Exercise details
Please retype every record exactly as it appears, omitting the pictures.

Saved data entries:
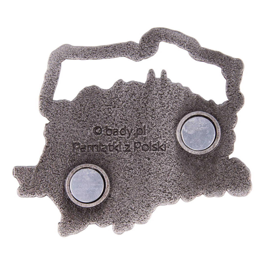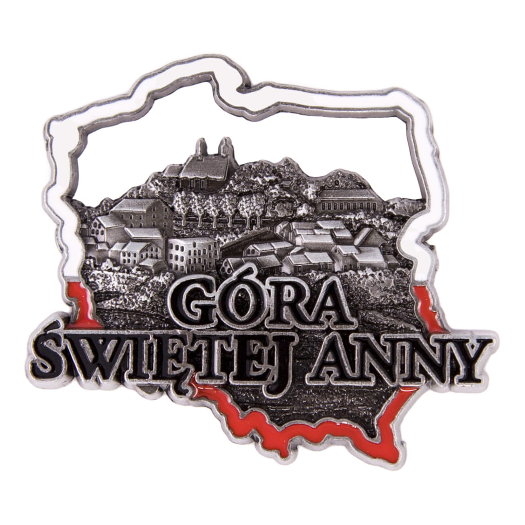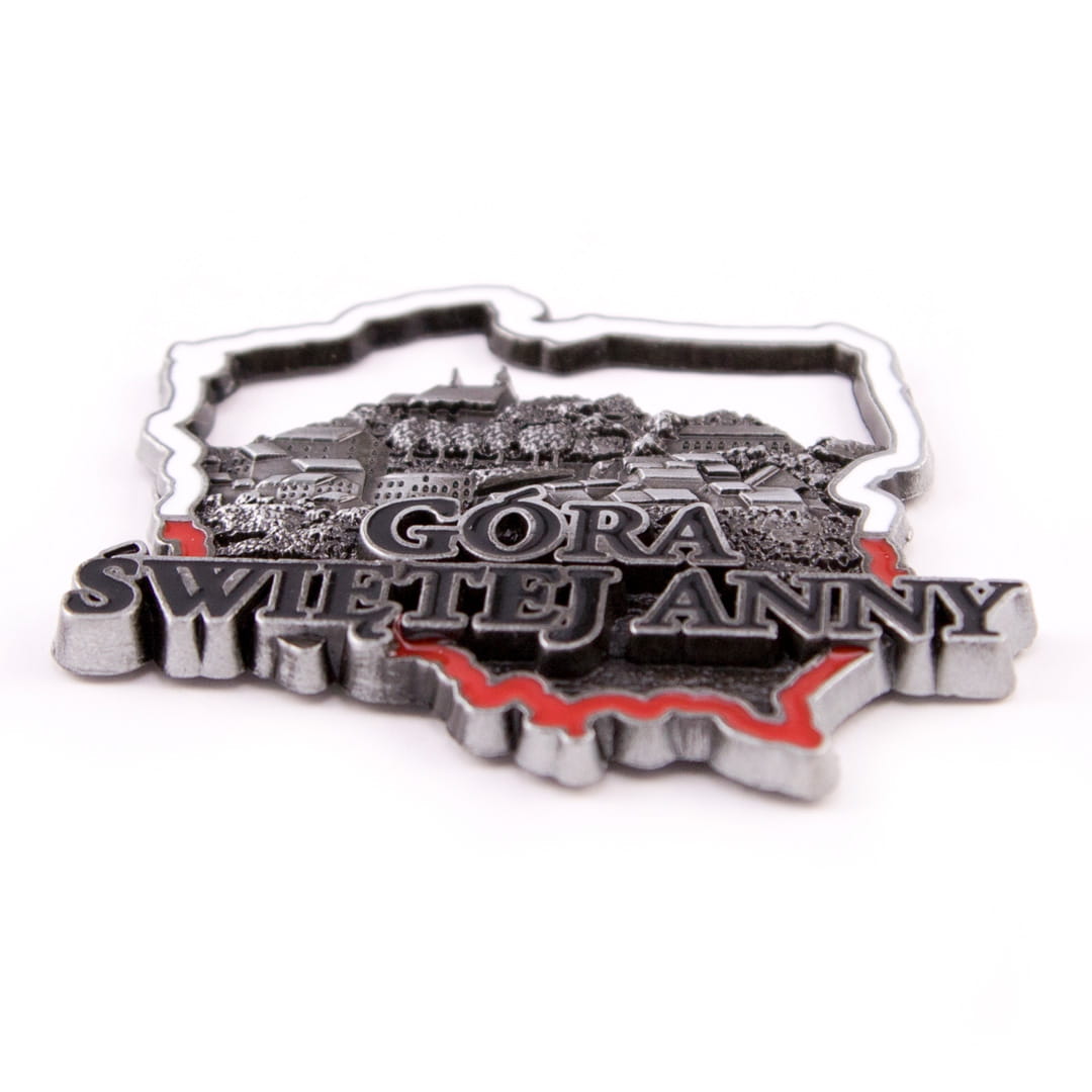 Metalowy, elegancki, bogato zdobiony, odlewany magnes w kształcie konturu Polski. W jej wnętrzu znajduje się panorama miasta oraz wyraźny napis "Góra Świętej Anny". Kontur Polski pomalowany jest na biało-czerwono, napis na czarno, natomiast wnętrze mapy pozostawiono w kolorze antycznym srebrnym.
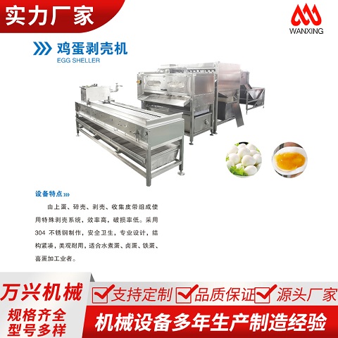 由上蛋、碎殼、剝殼、收集皮帶組成使用特殊剝殼系統(tǒng),效率高,破損率低。采用304 不銹鋼制作,安全衛(wèi)生,專(zhuān)業(yè)設(shè)計(jì),結(jié)構(gòu)緊湊,美觀耐用,適合水煮蛋、鹵蛋、鐵蛋、喜蛋加工業(yè)者。
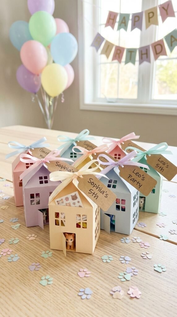 Mini dollhouse-shaped favor boxes are perfect for sending guests home with sweet memories. You can fill them with personalized trinkets like mini cat figures, stickers, or candy. I’ve found that kids absolutely love receiving something they can keep and treasure.
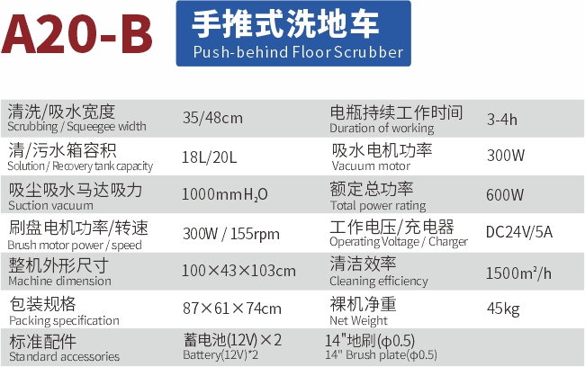 白云A20-B 手推式洗地車(chē)
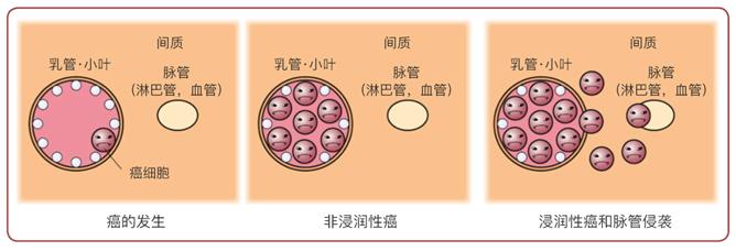 大多数浸润性乳腺癌发生在分泌乳汁的乳腺组织最外围部位(从乳管外围到小叶的部分),随着时间的推移,在导管和小叶周围得间质中扩散(图1)。癌细胞在乳管和小叶间的间质间扩散被称为“浸润”。根据是否发生浸润,乳腺癌大致可分为浸润乳腺癌和非浸润乳腺癌。非浸润乳腺癌的癌细胞局限于乳管和小叶内,规范治疗后几乎不会发生复发和转移;浸润癌已经超出了乳管和小叶的范围,这样的癌通过脉管侵袭具备复发转移的风险。
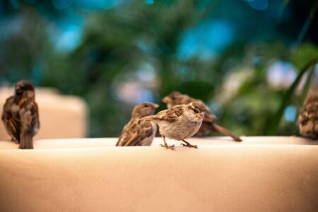 Urban sparrows in a cafe on the table.
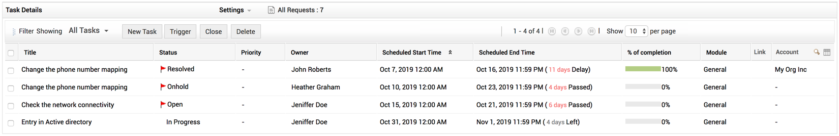 Using the pre-defined filters in the Task details page, you can have a quick consolidated view of the tasks configured in the application.
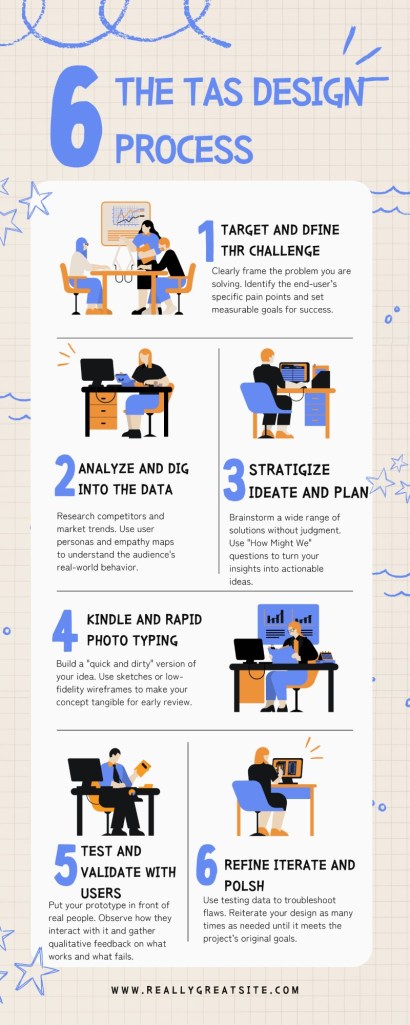 Your task is to create a Canva infographic that clearly explains how the TAS Design Process works in 6/7 steps.

Response area
 Metalowy, elegancki, bogato zdobiony, odlewany magnes w kształcie konturu Polski. W jej wnętrzu znajduje się panorama miasta oraz wyraźny napis "Góra Świętej Anny". Kontur Polski pomalowany jest na biało-czerwono, napis na czarno, natomiast wnętrze mapy pozostawiono w kolorze antycznym srebrnym.
 由上蛋、碎殼、剝殼、收集皮帶組成使用特殊剝殼系統(tǒng),效率高,破損率低。采用304 不銹鋼制作,安全衛(wèi)生,專(zhuān)業(yè)設(shè)計(jì),結(jié)構(gòu)緊湊,美觀耐用,適合水煮蛋、鹵蛋、鐵蛋、喜蛋加工業(yè)者。
 Mini dollhouse-shaped favor boxes are perfect for sending guests home with sweet memories. You can fill them with personalized trinkets like mini cat figures, stickers, or candy. I’ve found that kids absolutely love receiving something they can keep and treasure.
 白云A20-B 手推式洗地車(chē)
 大多数浸润性乳腺癌发生在分泌乳汁的乳腺组织最外围部位(从乳管外围到小叶的部分),随着时间的推移,在导管和小叶周围得间质中扩散(图1)。癌细胞在乳管和小叶间的间质间扩散被称为“浸润”。根据是否发生浸润,乳腺癌大致可分为浸润乳腺癌和非浸润乳腺癌。非浸润乳腺癌的癌细胞局限于乳管和小叶内,规范治疗后几乎不会发生复发和转移;浸润癌已经超出了乳管和小叶的范围,这样的癌通过脉管侵袭具备复发转移的风险。
 Urban sparrows in a cafe on the table.
 Using the pre-defined filters in the Task details page, you can have a quick consolidated view of the tasks configured in the application.
 Your task is to create a Canva infographic that clearly explains how the TAS Design Process works in 6/7 steps.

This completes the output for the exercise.